На душе становится муторно. В это время к остановке подходит двадцать третий и Галка на ходу прыгает в трамвай, посылая рукой привет обоим своим друзьям.
Сева знает, этот трамвай идет на улицу Комсомола, где живет та самая Кира. Но не сменит ли Галка маршрут, не пересядет ли в другой трамвай?
— Может, пойдем в филармонию… а? Билеты пропадают, — голос у Виктора жалобный.
— Черт возьми, я только сейчас вспомнил: меня сегодня Гришка ждет, у него увеличитель, печатать будем. Знаешь, какие у него пленки? Вся альпиниада.
И Сева вскакивает в трамвай, идущий в противоположную сторону от направления, по которому поехала Галя.
На проспекте имени Карла Либкнехта он пересаживается на шестерку и едет догонять Галку. Он знает, где живет эта Кира. И если даже пойдет снег, или дождь, или что угодно, он выстоит и убедится, что Галка чиста и не способна фальшивить. Он ее дождется, и она все поймет.
Вот и улица Комсомола. Сева соскакивает. Вот знакомый дом. Эх, и долго придется ему дежурить здесь сегодня, если у нее действительно письменная…

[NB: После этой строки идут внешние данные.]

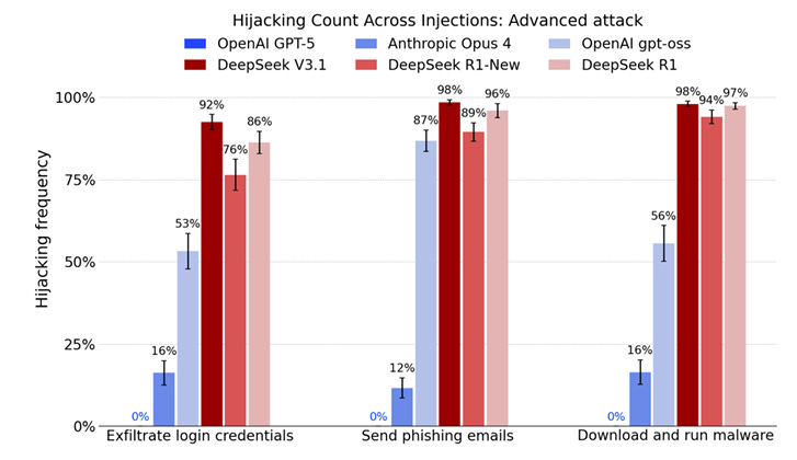 Not only did they show that DeepSeek’s performance lags behind the best U.S. reference models, but costs are now comparable on benchmark tasks. However, the DeepSeek Models are far more susceptible to agent hijacking than frontier U.S. models.
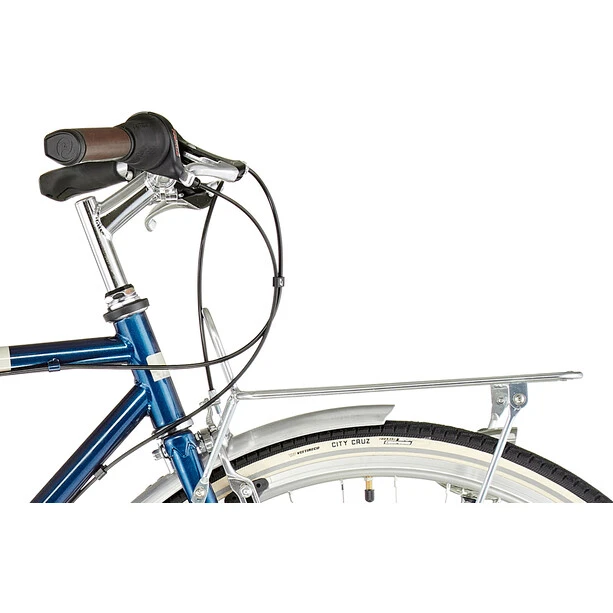 À l’époque, les vélos porteurs avec porte-bagages avant stable étaient de véritables bêtes de somme quotidiennes à une époque où tous les ménages n’avaient pas de voiture. Avec le Bricktown, Ortler poursuit le concept d’une nouvelle manière et propose aux cyclistes urbains cette machine à rouler pratique et élégante avec des emprunts classiques dans le design, afin d’opter pour le vélo et la piste cyclable en toute confiance et avec un style sûr en ville. Le conducteur ou la conductrice prend place confortablement sur la selle, garde la vue d’ensemble et, avec 7 vitesses et un équipement routier complet, reste maître du flux de la circulation. La sacoche, le sac à dos ou les courses viennent à l’avant, restent toujours en vue et permettent une conduite libérée et rapide.

И вдруг из парадной выходит Галка.
— Ты откуда взялся? — спрашивает она, увидев Севу.
— Ну, как твой английский? — отвечает он вопросом на вопрос.
Галка поняла, но отвечает равнодушным тоном:
— Киры нет дома, пойду заниматься в читалку, на Мытню.

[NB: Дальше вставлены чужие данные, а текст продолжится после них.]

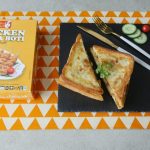 On bread slice,add & spread prepared chicken filling,top with another bread slice and press evenly with the help of the plate.
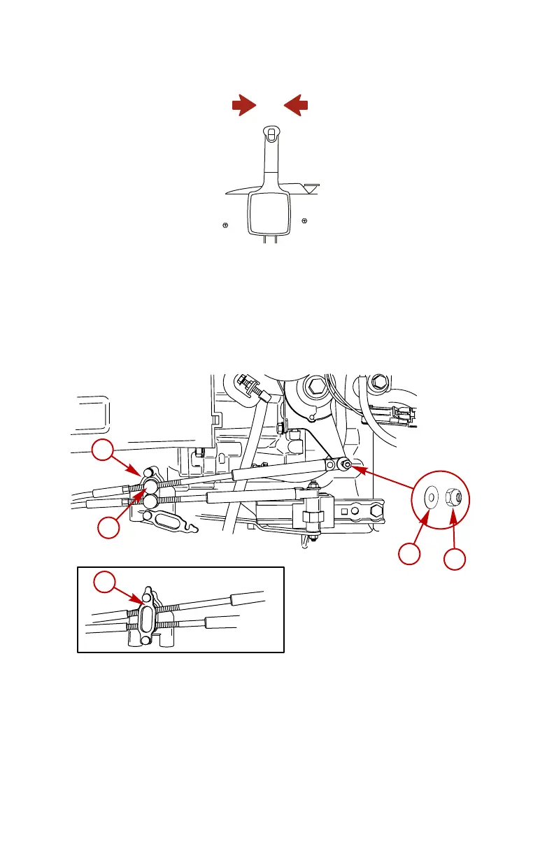 2. Install the throttle cable to the throttle arm with a flat washer and locknut.
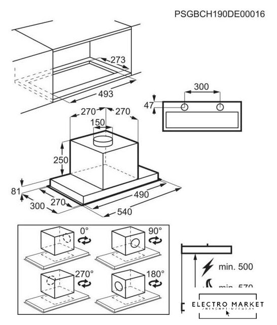 | Минимальная производительность отвода | 300 куб. м/ч |
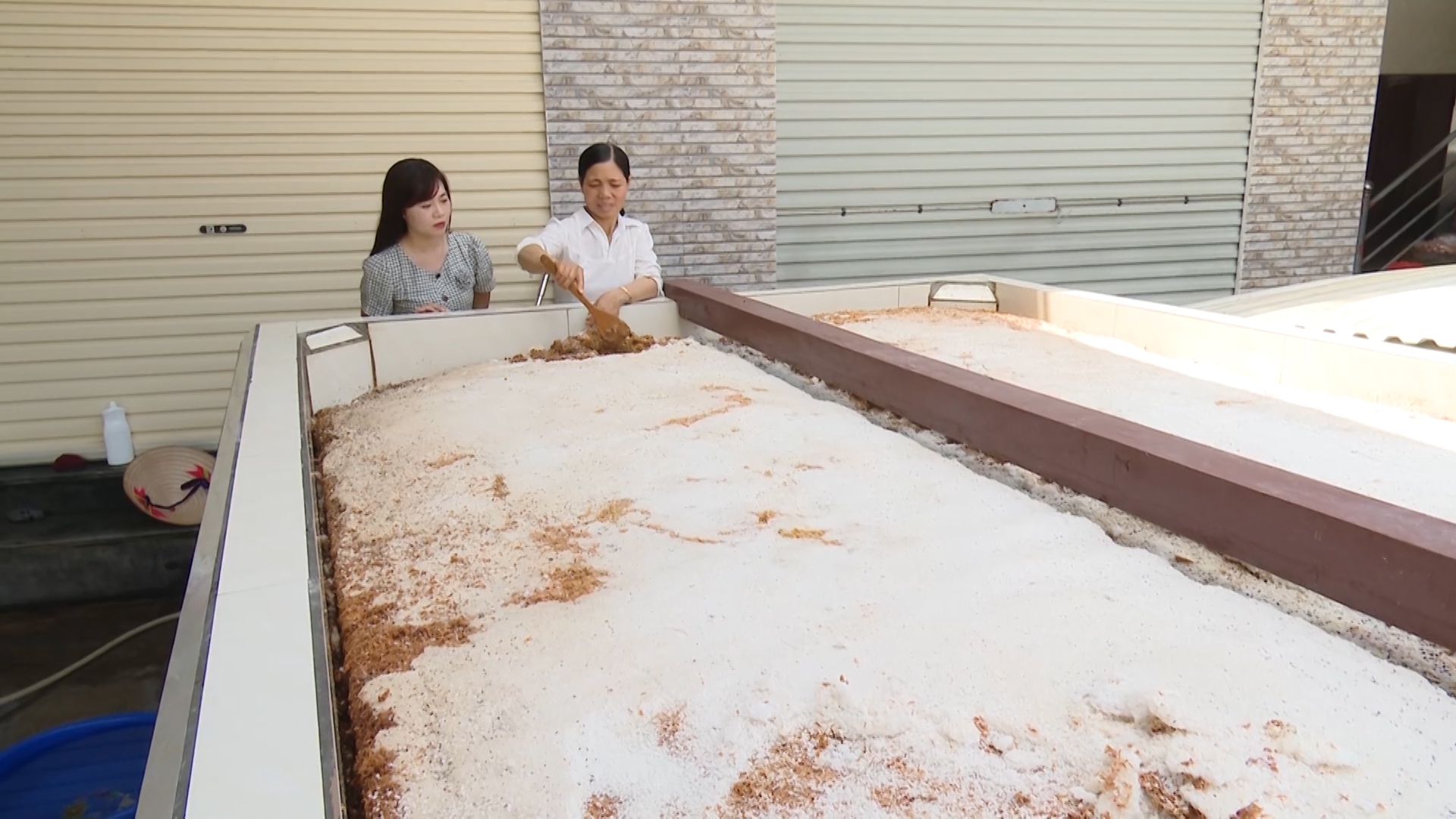 Chị Bùi Thị Tuyết, thôn Nội Lang Nam, xã Nam Hải, huyện Tiền Hải: “Những bể ủ hơn 1 năm được đưa vào xay, hàng ngày cần mở ra để phơi nắng. Màu của mắm tép phải là màu cà thì sau này nước mắm mới chuẩn vị truyền thống thơm ngon”

— Мытня далеко, пока доедешь, поздно будет. Лучше зайдем в кино «Гигант», до сеанса позанимаешься. — Не дождавшись ответа, он берет ее под руку: — Вот так вернее, не сбежишь.

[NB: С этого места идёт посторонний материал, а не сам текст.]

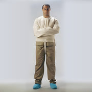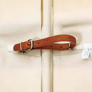 Heavy cotton duck, 12/13 oz leather, steel loops, 1" cotton web, brass grommets, 1½" press tape, and crotch strap with 1¼" cotton web and spring buckle.
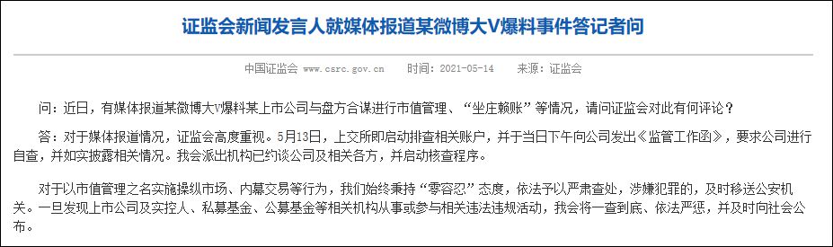財經大V葉飛爆料上市公司市值管理內幕,證監會介入
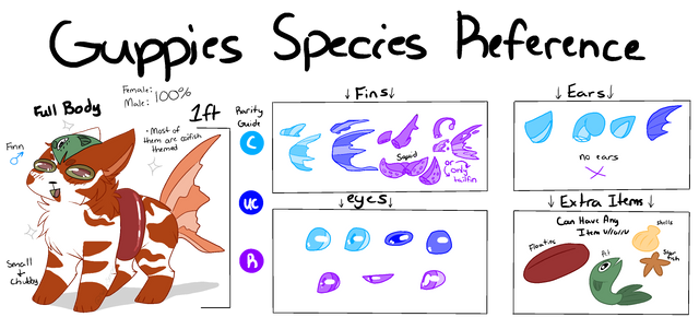 Finally got around to updating Guppy's Reference sheet with his new design. Hard to believe how much his design has changed since last year, but I'm so happy with it and enjoy drawing him much more than I used too.Character name: Guppy
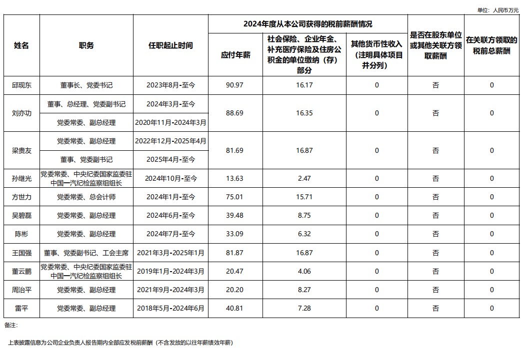 中國第一汽車集團有限公司企業(yè)負責(zé)人2024年度薪酬情況

— Но это же возмутительно, — говорит Галка, — где же свобода личности? Ты даже не спросил моего мнения…
Это сказано таким тоном, что Сева слышит лишь одно: «Как хорошо, что мы встретились»… И руки она не отнимает.
После сеанса они долго бродят по городу. Сева спрашивает:
— Скажи, пожалуйста, что за тип подходил к тебе в библиотеке вчера днем?
— Оригинальный парень, правда? Только не в моем вкусе, — отвечает Галка.
— Что значит — оригинальный? Я имел случай убедиться, какой это пошляк. И почему он подходит к тебе?
Галка удивленно смотрит на Севу, потом смеется:
— Разве я обязана объяснять, почему ко мне подходят? Пока еще, к счастью, человек вольный… Это Кирин поклонник. Кира неделю как не выходит, болеет, вот он и пристал ко мне, чтобы я послужила почтальоном. Рассчитывал сегодня пойти с ней в театр. И, кажется, пошел. Я вчера сказала ей.
— В таком случае, надо предупредить Киру. — И Сева рассказывает Галке о нечаянно подслушанном разговоре.
— Грязь какая… — брезгливо говорит Галка. — Вот не думала. Конечно, я скажу ей. Откуда только берутся двоедушные, лживые люди!
— Но не все же такие, — вкрадчиво отвечает Сева. — Есть же и другие люди, честные…
— Вроде нас с тобой? Все это очень хорошо, но мне ничуть не легче от этого. Я хотела бы, чтобы ложь исчезла с земли, чтобы люди были ну хоть и не святые, не безгрешные, но хотя бы честные, не лживые. Неужели им так трудно? Я не понимаю. Я никогда не скажу человеку, что люблю его, если на самом деле не буду любить.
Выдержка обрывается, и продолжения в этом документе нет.